Research

Electronic Devices Based on Self-Assembled Monolayers

We are interested in self-assembled monolayers (SAMs) as components of electronic devices. The integration of organics into electronic circuits is still a technological challenge due to the thermal and chemical sensitivity of organic compounds. SAMs can be designed to have a large variety of different functions, such as work function modifiers, two-dimensional ferroelectrics or spin-valves. Due to their ability to self-organize into a functional layer the fabrication of electronic devices using SAMs is extremely simple. The functional complexity of such devices resides mostly in the organic part and can be easily custom-taylored. Our target applications are energy-efficient memory, neuromorphic computing and qubit registers for quantum computers.

Computational Materials Design

For the design of molecular materials we are using density function theory (DFT) and non-equilibrium Green function (NEGF) calculations. The DFT calculations are used for structure optimization, conformational analysis, prediction of reaction and thermal decomposition pathways, and spectroscopic properties. Using NEGF we are calculating conformation-dependent molecular conductances of single molecules. We are also using molecular dynamics (MD) simulations in collaboration with partners for the elucidation of the switching mechanism in SAM-based devices.

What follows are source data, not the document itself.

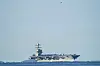 Det amerikanske hangarskipet USS Gerald R. Ford på vei inn Oslofjorden, her ved innseilingen til Oslofjorden ved Jeløya onsdag morgen.Foto: Terje Pedersen / NTB
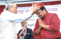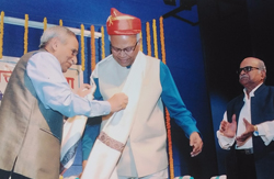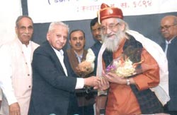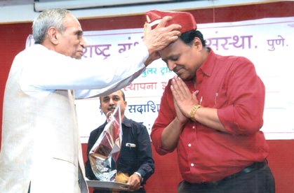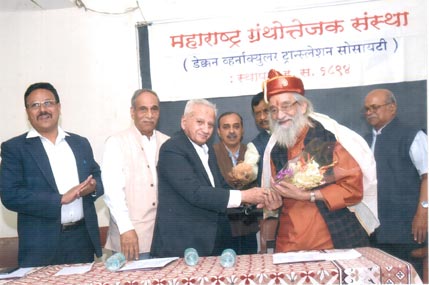 सन २०१७ चा वर्धापनदिन सोहळाः समारंभाचे अध्यक्ष माजी सनदी अधिकारी श्री. अविनाश धर्माधिकारी यांना पगडी प्रदान करताना संस्थेचे अध्यक्ष डॉ. गो. बं. देगलुरकर |
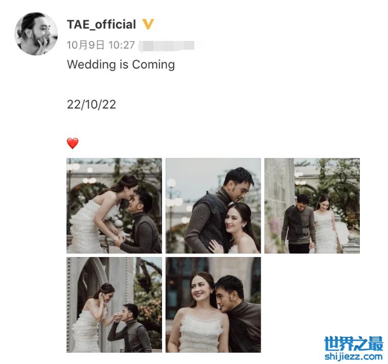 在今年10月初时,TAE就大方晒出两人的婚纱写真,当时不少网友赞新娘子长得大气美艳、颜值不输明星。

Synthesis of Organic Functional Materials

Guided by computational methods we are synthesizing molecular materials for organic electronics. The function of the liquid crystals, organic semiconductors and self-assembled monolayers (SAMs) often relies on fluorinated substructures, which require a specialized synthetic methodology.

Organic Surface Modification and Characterization

One class of highly energy-efficient inorganic-organic hybrid devices is based on self-assembled monolayers (SAMs) of liquid crystal-inspired compounds. The deposition of highly regular SAMs onto various substrate materials has to be optimized. One of our focus topics is the formation and characterization of chiral monolayers on dielectrics and semiconductors.